As LifeNews previously reported, in 2014, 29-year-old cancer patient Brittany Maynard received national attention after she announced her plans to kill herself under Oregon’s assisted suicide law. Maynard found out she had stage II glioblastoma multiforme and had up to ten years to live. However, after she had surgery, doctors found out that she had the most deadly form of brain cancer, stage IV glioblastoma multiforme. The cancer usually kills its victims in a matter of months.

Oregon is one of five states, along with New Mexico, Montana, Washington, and Vermont that allow assisted suicide for terminally ill patients. Oregon’s Death with Dignity Act passed in 1997 and has allowed for 1,173 prescriptions, with 752 deaths resulting from access of the medication.

After Brittany’s diagnosis, she decided that she wanted to move from her California home to Oregon so that she could have access to the “death with dignity” prescription. Tragically, on November 2nd she took her own life with a lethal dose of phenobarbital.

Although California Governor Jerry Brown has reportedly not taken a position on the bill, his aids said he talked with Maynard before she committed suicide.
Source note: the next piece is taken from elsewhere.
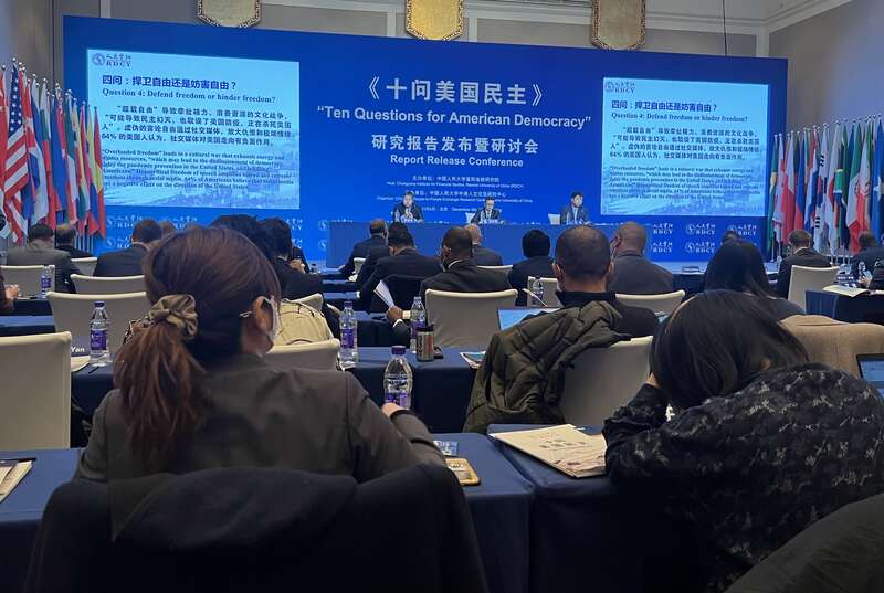 中国青年报客户端北京12月6日电(中青报·中青网记者 马子倩 胡文利)由中国人民大学重阳金融研究院(人大重阳)主办、中国人民大学中美人文交流研究中心承办的《十问美国民主》研究报告发布暨研讨会,今天上午在北京举行。来自包括美国在内30多个国家的驻华使馆代表与会,全球超过100万网友在线听取报告发布。

After SB 128 passed through the California Senate, Jonathan Keller of the California Family Council said the following about the dangerous legislation: “Despite the claims from the bill’s authors that SB 128 “protects patients,” multiple studies and stories have shown the dangers of physician-assisted suicide. From Oregon and Washington to Canada and the Netherlands, patient abuse is rampant. And once a society legitimizes voluntary suicide, it often progresses to involuntary euthanasia.”